Primeiro, temos a estrutura de Tormenta, construída no limite entre a literatura e o jornalismo, naquele ponto a partir do qual ambos se aproveitam da boa-fé prévia que o leitor mantém para acreditar no que lê. Segundo, temos um autor que, no auge de sua técnica literária, joga o tempo inteiro com esse princípio – daí ter construído um narrador pouco confiável para sua “farsa-spaghetti”; um que, no “Aviso aos desavisados”, força o leitor a admitir que tem em mãos um dilema ético e a se colocar na condição de voyeur para que “a escrita cumpra seu destino”.

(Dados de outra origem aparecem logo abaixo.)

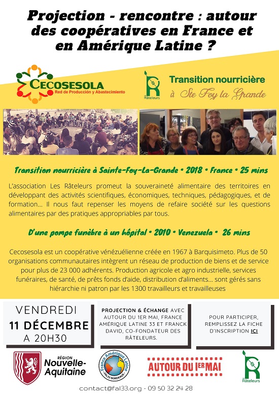 Dans le cadre de notre coopération avec le comité Bordeaux Gironde de France Amérique latine, nous vous proposons une soirée de projections-rencontres autour de la thématique des coopératives, en France et en Amérique latine.

Que destino é esse? O de seduzir leitores através da verossimilhança, até fazê-los notar que o município de Tormenta não é um lugar tão desconhecido assim, já que há algo nesse local (repleto de vigilantes, maconheiros, personagens com nomes esdrúxulos e evangélicos peritos em “conversão express”) que nos é bem familiar, sobretudo a violência, a substituição da fraternidade e da civilidade pelo suborno, ou a mania que alguns “tormentenses” têm de imitar a fala dos astros da televisão.

Jornalismo e literatura são, entre outras coisas, dois jeitos distintos de contar histórias, dois lados de uma mesma moeda que, no romance de Fantini, se entrecruzam até formar um corpo textual híbrido entre a crônica e a farsa, demonstrando que a objetividade e a imparcialidade são um mito, porque a verdade é um mito. Tudo é uma questão de versão dos fatos.

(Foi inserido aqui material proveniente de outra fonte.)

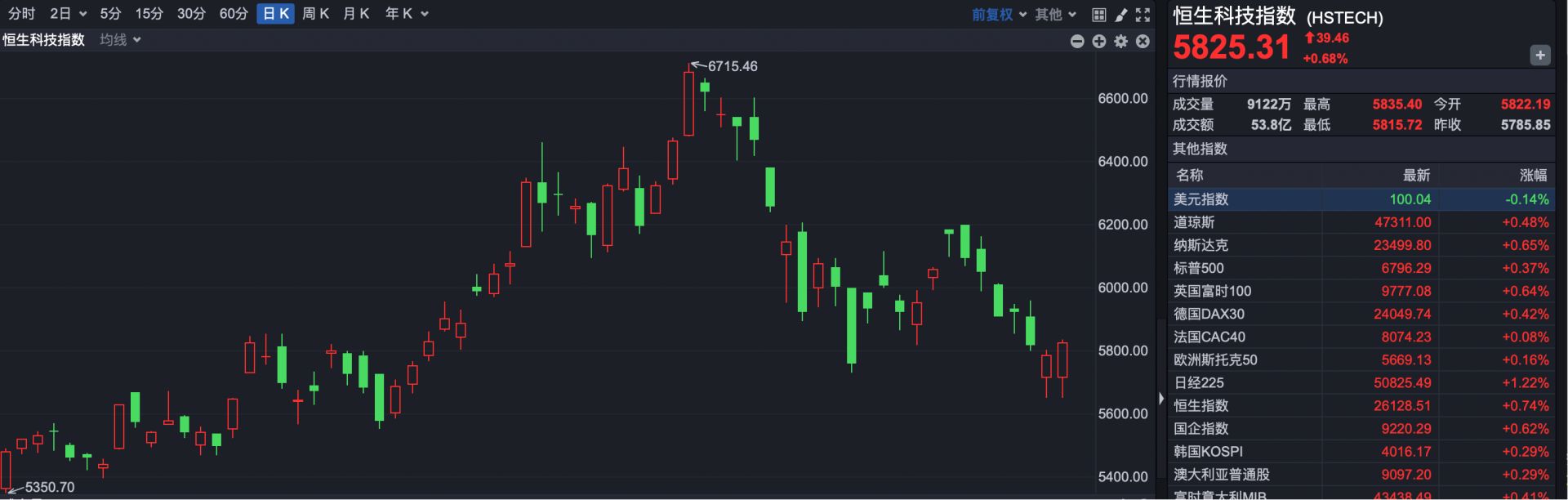 恒生科技指数报5825点,上涨39点,涨幅0.68%。
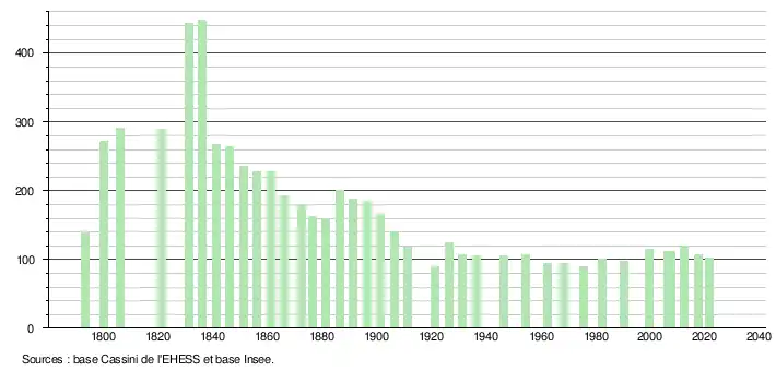 L'évolution du nombre d'habitants est connue à travers les recensements de la population effectués dans la commune depuis 1793. Pour les communes de moins de 10 000 habitants, une enquête de recensement portant sur toute la population est réalisée tous les cinq ans, les populations légales des années intermédiaires étant quant à elles estimées par interpolation ou extrapolation[15]. Pour la commune, le premier recensement exhaustif entrant dans le cadre du nouveau dispositif a été réalisé en 2007[16].

O narrador de Tormenta tem a dele; seu coloquialismo burilado, suas pistas falsas e suas explicações elegantes ultrapassam qualquer simplificação de linguagem e de estilo e sugerem, o tempo inteiro, uma participação cada vez maior do leitor. É quando este (atento) atinará para a matiz falsamente solene do romance, notando que o que Fantini quer inversamente construir é, além da denúncia, uma empatia total por suas personagens.

Aliás, os personagens e o cenário de Tormenta são caros a Fantini, que em mais de 40 anos de estrada nunca deixou de retratar toda a grandeza e a baixeza da vida cotidiana, com um interesse e um olhar cuidadoso que é tanto uma defesa dessa realidade quanto uma clara tomada de posição política. E aqui, chegamos à maneira como seu primeiro romance foi publicado.

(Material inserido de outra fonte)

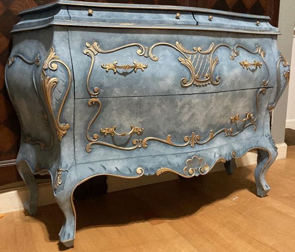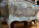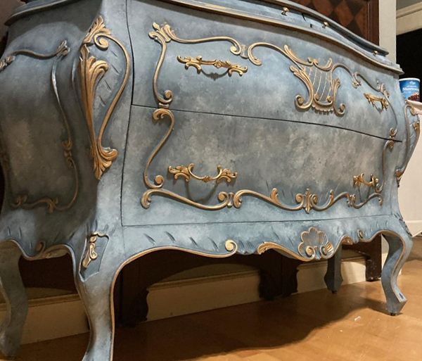 -We cleaned, filled, sanded, primed, painted and glazed in layers of blues, cream and grays then highlighted the details with gold gilding.

Admirado por autores consagrados, Fantini decidiu, desde o início, abrir mão do circuito das grandes editoras e dos modismos, optando por publicar seus contos e poemas com editoras menores, para manter controle absoluto sobre aquilo que quer dizer, reafirmando uma ética pessoal e o papel do escritor em uma sociedade cada vez mais excludente.

A edição de O município de Tormenta é o gesto mais radical desse posicionamento. As 81 páginas do romance vêm soltas, atadas por um barbante, e dentro de uma pasta lacrada onde se lê “confidencial”.

Nela, além do “manuscrito” (cuja fonte especial imita páginas datilografadas) temos um envelope branco com a apresentação de Bonassi, o recorte de uma matéria de jornal supostamente utilizada para compor os crimes de Tormenta, além de uma folha de caderno, com uma parte do romance escrita a mão. Além disso, uma folha em que Fantini faz seus agradecimentos e coloca os custos da impressão do romance, discriminando sua parte em direitos autorais e o valor total que, dividido pelo número de exemplares, dá o valor exato do exemplar por unidade. Um gesto de recusa e controle totais, além de um claro manifesto ideológico; uma peça rara e originalíssima, escrita e produzida por um dos maiores escritores vivos do Brasil em atividade.


Tadeu Sarmento é escritor, poeta, autor de E se Deus for um de nós (Confraria do Vento, 2016), entre outros.